═════ Data excerpts ═════

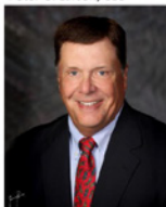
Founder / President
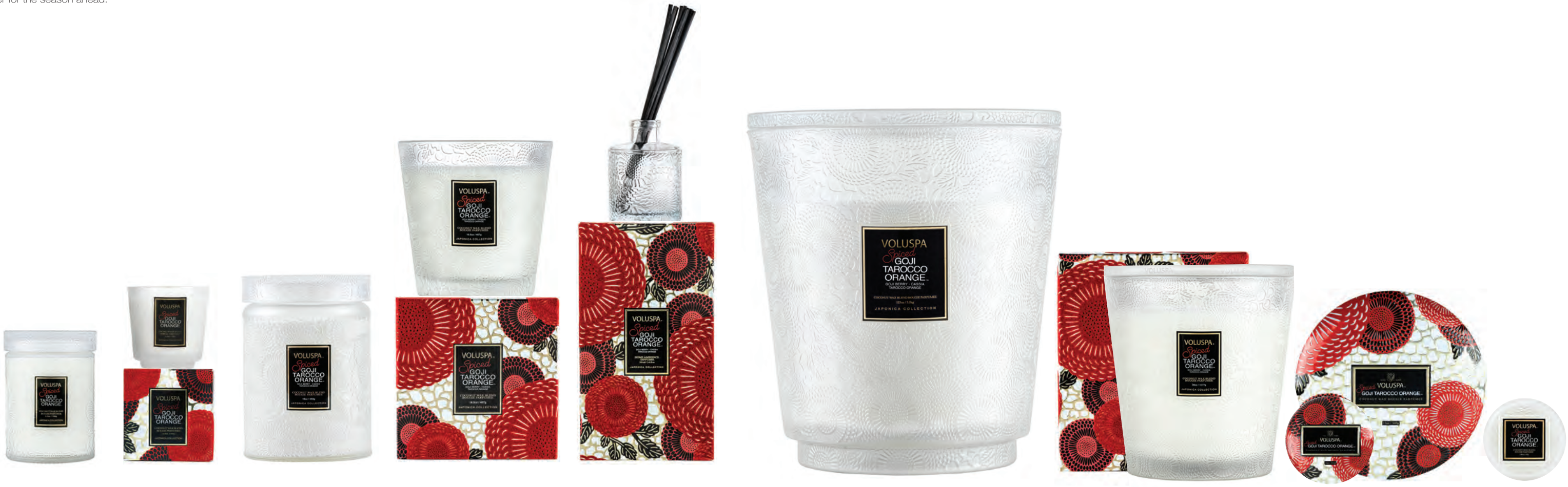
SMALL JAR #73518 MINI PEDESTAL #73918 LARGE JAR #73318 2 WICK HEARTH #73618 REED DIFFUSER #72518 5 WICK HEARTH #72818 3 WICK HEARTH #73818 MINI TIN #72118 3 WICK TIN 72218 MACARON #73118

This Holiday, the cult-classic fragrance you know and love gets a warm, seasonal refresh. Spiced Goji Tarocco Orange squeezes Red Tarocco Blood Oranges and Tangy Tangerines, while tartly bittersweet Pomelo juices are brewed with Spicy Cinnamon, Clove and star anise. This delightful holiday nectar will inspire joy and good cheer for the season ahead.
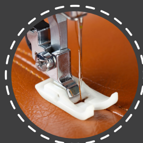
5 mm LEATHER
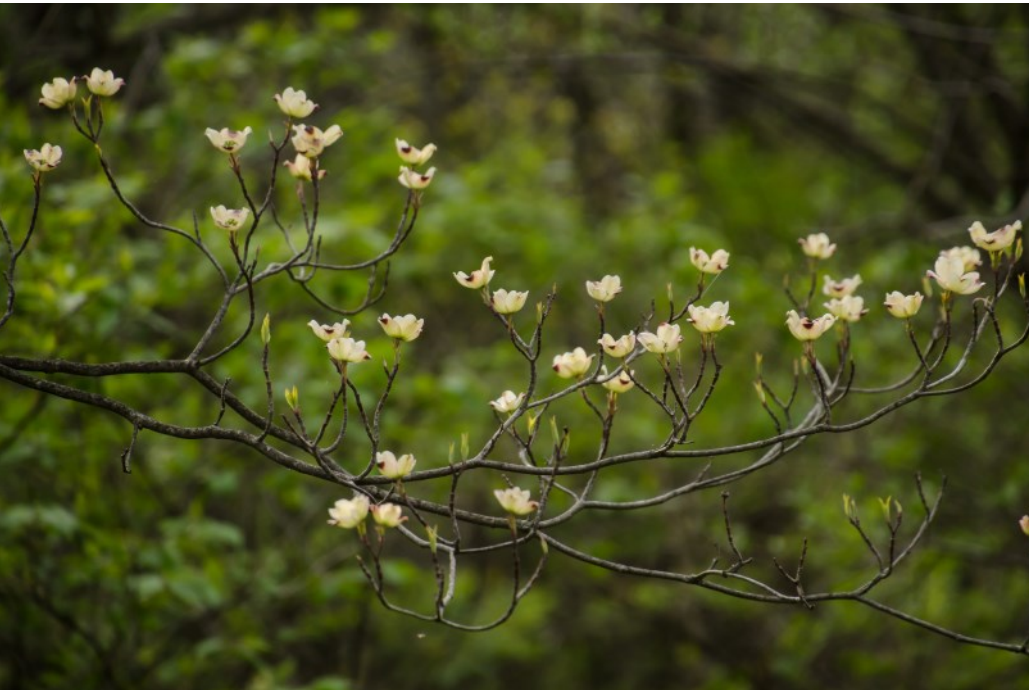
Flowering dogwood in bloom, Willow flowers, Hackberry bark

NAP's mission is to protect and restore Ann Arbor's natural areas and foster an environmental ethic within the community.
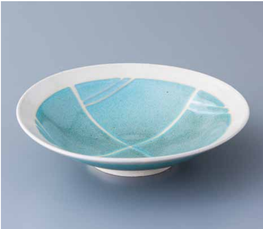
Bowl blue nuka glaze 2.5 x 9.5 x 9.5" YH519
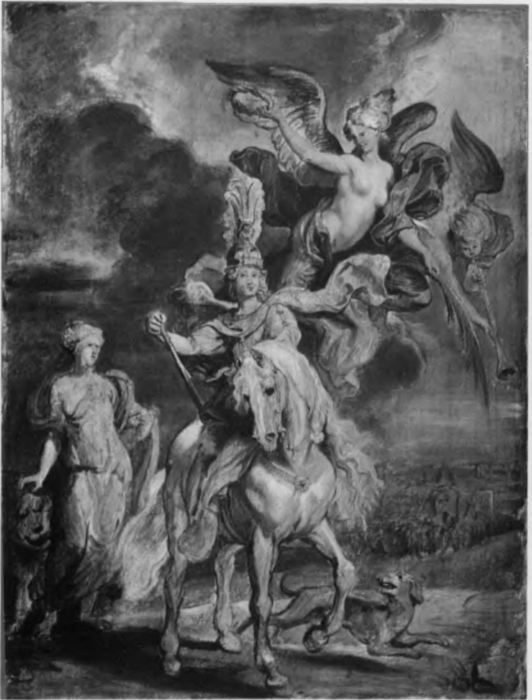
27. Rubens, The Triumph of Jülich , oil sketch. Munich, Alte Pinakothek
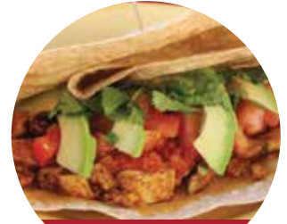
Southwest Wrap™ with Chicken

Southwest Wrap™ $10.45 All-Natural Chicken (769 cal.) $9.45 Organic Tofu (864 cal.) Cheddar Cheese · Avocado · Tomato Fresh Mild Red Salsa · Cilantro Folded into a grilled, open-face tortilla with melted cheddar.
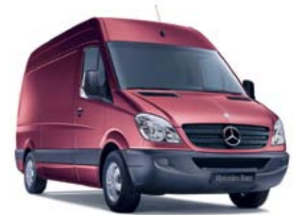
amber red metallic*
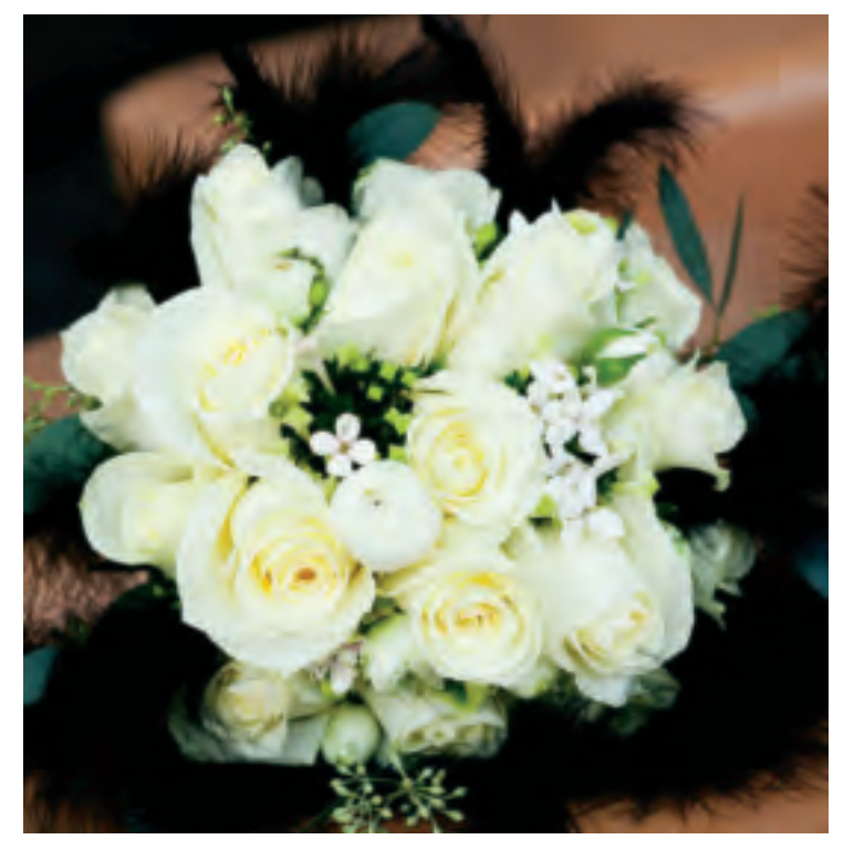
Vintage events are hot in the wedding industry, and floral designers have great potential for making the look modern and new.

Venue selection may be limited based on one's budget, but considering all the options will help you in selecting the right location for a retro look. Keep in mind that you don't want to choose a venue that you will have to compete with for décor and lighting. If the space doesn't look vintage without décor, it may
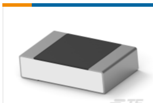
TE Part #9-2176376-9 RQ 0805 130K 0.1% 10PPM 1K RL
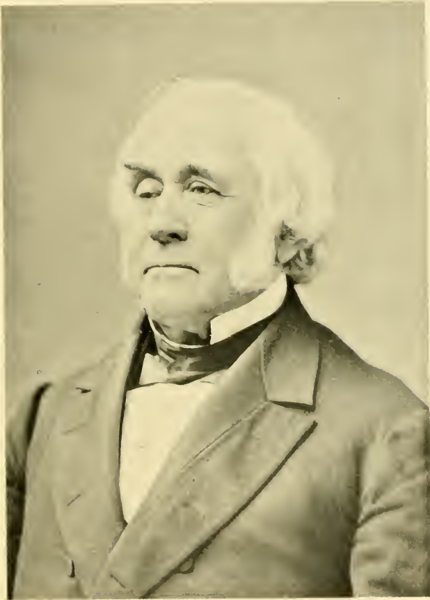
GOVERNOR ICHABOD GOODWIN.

═════
═════ Data excerpts ═════

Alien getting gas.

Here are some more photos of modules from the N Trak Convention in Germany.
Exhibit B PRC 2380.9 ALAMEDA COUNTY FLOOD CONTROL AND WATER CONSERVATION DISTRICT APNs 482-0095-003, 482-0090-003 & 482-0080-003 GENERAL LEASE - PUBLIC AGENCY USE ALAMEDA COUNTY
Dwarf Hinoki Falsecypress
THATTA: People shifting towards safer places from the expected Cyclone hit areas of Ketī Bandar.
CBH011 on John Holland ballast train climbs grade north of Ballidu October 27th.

═════

## The problem:
Nothing should appear in the answer except the lines above from the line with "Alien getting gas." through the line with "CBH011 on John", both included, written out exactly.

## Finished exercise:
Alien getting gas.

Here are some more photos of modules from the N Trak Convention in Germany.
Exhibit B PRC 2380.9 ALAMEDA COUNTY FLOOD CONTROL AND WATER CONSERVATION DISTRICT APNs 482-0095-003, 482-0090-003 & 482-0080-003 GENERAL LEASE - PUBLIC AGENCY USE ALAMEDA COUNTY
Dwarf Hinoki Falsecypress
THATTA: People shifting towards safer places from the expected Cyclone hit areas of Ketī Bandar.
CBH011 on John Holland ballast train climbs grade north of Ballidu October 27th.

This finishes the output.